By the time Tammy Duckworth arrived as a member of the U.S. House of Representatives in 2013, she was hardly the first woman to triumph amid the rough-and-tumble of congressional politics.
But she may have been among the most uniquely qualified people, male or female, ever to do so.
In 2004, Duckworth was deployed to Iraq with the Illinois Army National Guard as a Blackhawk helicopter pilot. One of the first Army women to fly combat missions during Operation Iraqi Freedom, she lost both of her legs and partial use of her right arm when her helicopter was hit by a rocket-propelled grenade. The Purple Heart recipient spent much of the following year recovering at Walter Reed Army Medical Center — and becoming deeply involved in advocating for veterans and her fellow wounded warriors, even testifying before Congress.
Less than a decade later, Ladda Tammy Duckworth would return to the Capitol as the first disabled woman to be elected to the House.

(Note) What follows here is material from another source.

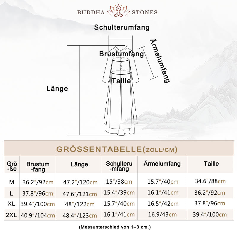 - Größe: Kleidergröße: M(Brustumfang 92 cm/Schulter 38 cm/Länge 120 cm), L(Brustumfang 96 cm/Schulter 39 cm/Länge 121 cm), XL(Brustumfang 100 cm/Schulter 40 cm/Länge 122 cm), 2XL(Brustumfang 104 cm/Schulter 41 cm/Länge 123 cm)
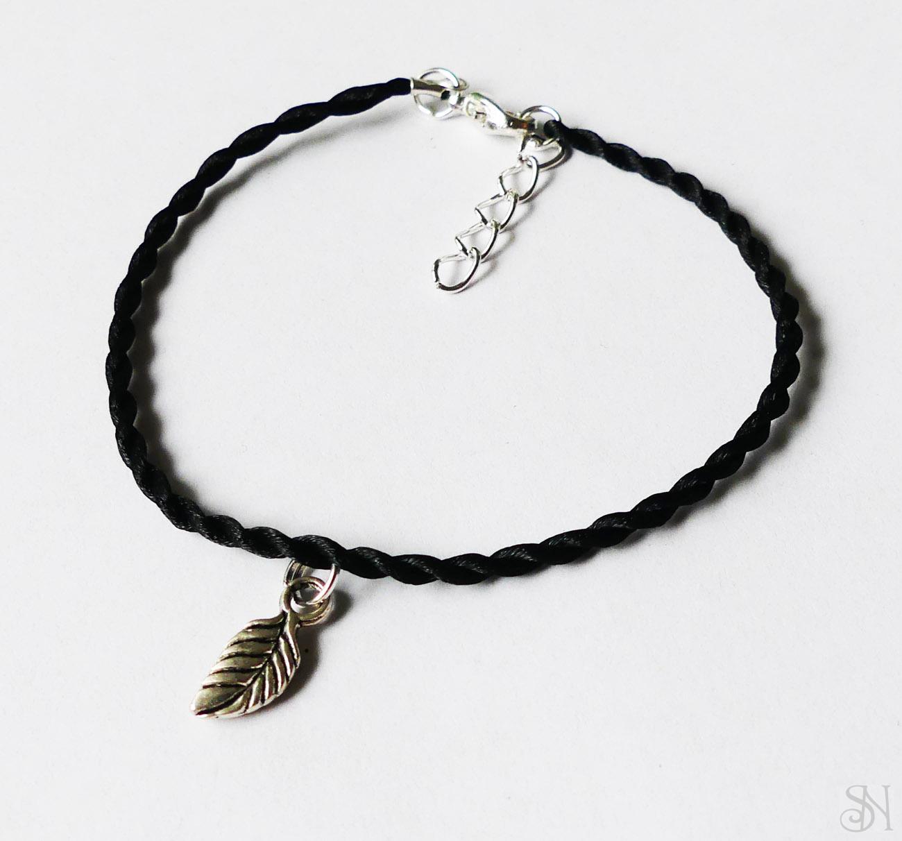 Čierny náramok s príveskom listu. Náramok je vyrobený zo saténovej šnúrky. Doplnený je postriebrenými kovovými komponentami bez obsahu niklu.

The Democrat also is the first Asian-American woman elected to Congress from Illinois and the first member of Congress born in Thailand (her late father was a U.S. Marine Corps vet, her mother is Thai).
Duckworth, 47, is running for the U.S. Senate from Illinois. On Nov. 18, 2014, she and her husband, Army National Guard Maj. Bryan W. Bowlsbey, became first-time parents when Duckworth gave birth to a daughter.
Abigail O’kalani Bowlsbey arrived exactly two weeks after her mother won re-election to the House and six days after her 10th anniversary of being shot down in Iraq.
Or as Duckworth always refers to Nov. 12: her “Alive Day.”